**Supplied information**
■ ■ ■
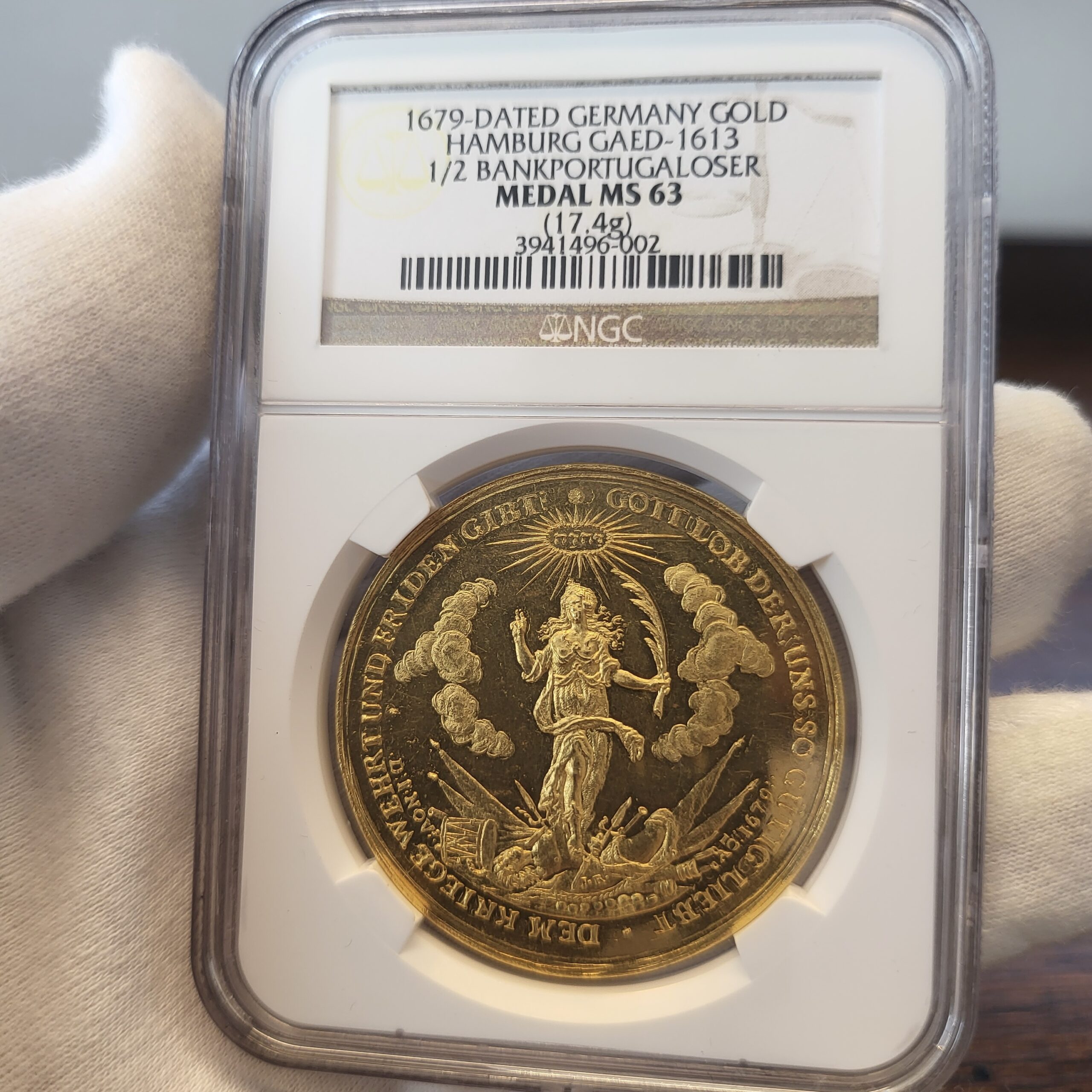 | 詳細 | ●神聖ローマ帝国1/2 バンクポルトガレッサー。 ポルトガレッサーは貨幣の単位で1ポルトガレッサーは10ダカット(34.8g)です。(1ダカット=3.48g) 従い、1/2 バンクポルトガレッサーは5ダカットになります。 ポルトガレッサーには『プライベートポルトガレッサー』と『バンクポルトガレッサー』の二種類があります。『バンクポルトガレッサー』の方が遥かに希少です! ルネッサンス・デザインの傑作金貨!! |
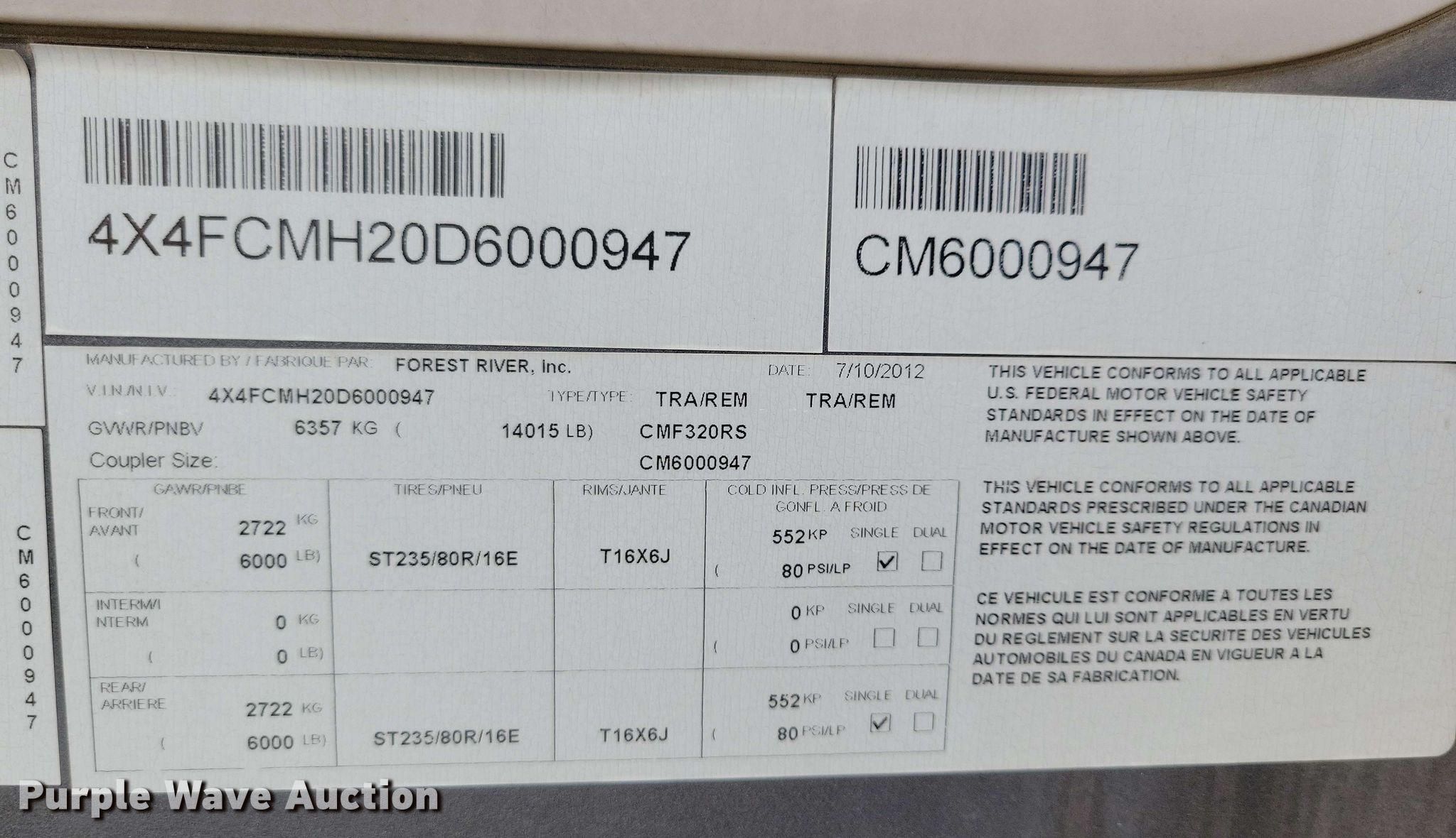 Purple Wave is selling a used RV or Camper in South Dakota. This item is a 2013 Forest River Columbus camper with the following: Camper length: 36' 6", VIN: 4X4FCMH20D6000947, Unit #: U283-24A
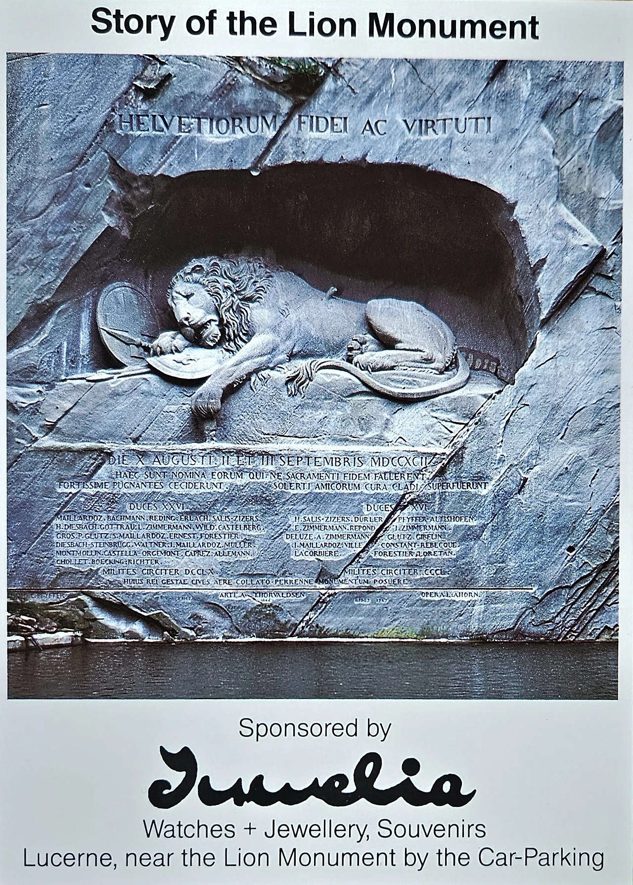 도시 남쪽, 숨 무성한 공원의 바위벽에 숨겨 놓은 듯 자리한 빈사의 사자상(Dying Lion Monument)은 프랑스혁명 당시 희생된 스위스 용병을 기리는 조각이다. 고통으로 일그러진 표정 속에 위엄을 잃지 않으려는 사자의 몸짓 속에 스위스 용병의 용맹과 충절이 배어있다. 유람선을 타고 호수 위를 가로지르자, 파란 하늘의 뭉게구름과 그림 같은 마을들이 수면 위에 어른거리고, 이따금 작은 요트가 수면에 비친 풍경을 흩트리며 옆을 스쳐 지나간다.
■ ■ ■
**Work order**
Return all of the material exactly, without pictures.

**Response to the task**
 | 詳細 | ●神聖ローマ帝国1/2 バンクポルトガレッサー。 ポルトガレッサーは貨幣の単位で1ポルトガレッサーは10ダカット(34.8g)です。(1ダカット=3.48g) 従い、1/2 バンクポルトガレッサーは5ダカットになります。 ポルトガレッサーには『プライベートポルトガレッサー』と『バンクポルトガレッサー』の二種類があります。『バンクポルトガレッサー』の方が遥かに希少です! ルネッサンス・デザインの傑作金貨!! |
 Purple Wave is selling a used RV or Camper in South Dakota. This item is a 2013 Forest River Columbus camper with the following: Camper length: 36' 6", VIN: 4X4FCMH20D6000947, Unit #: U283-24A
 도시 남쪽, 숨 무성한 공원의 바위벽에 숨겨 놓은 듯 자리한 빈사의 사자상(Dying Lion Monument)은 프랑스혁명 당시 희생된 스위스 용병을 기리는 조각이다. 고통으로 일그러진 표정 속에 위엄을 잃지 않으려는 사자의 몸짓 속에 스위스 용병의 용맹과 충절이 배어있다. 유람선을 타고 호수 위를 가로지르자, 파란 하늘의 뭉게구름과 그림 같은 마을들이 수면 위에 어른거리고, 이따금 작은 요트가 수면에 비친 풍경을 흩트리며 옆을 스쳐 지나간다.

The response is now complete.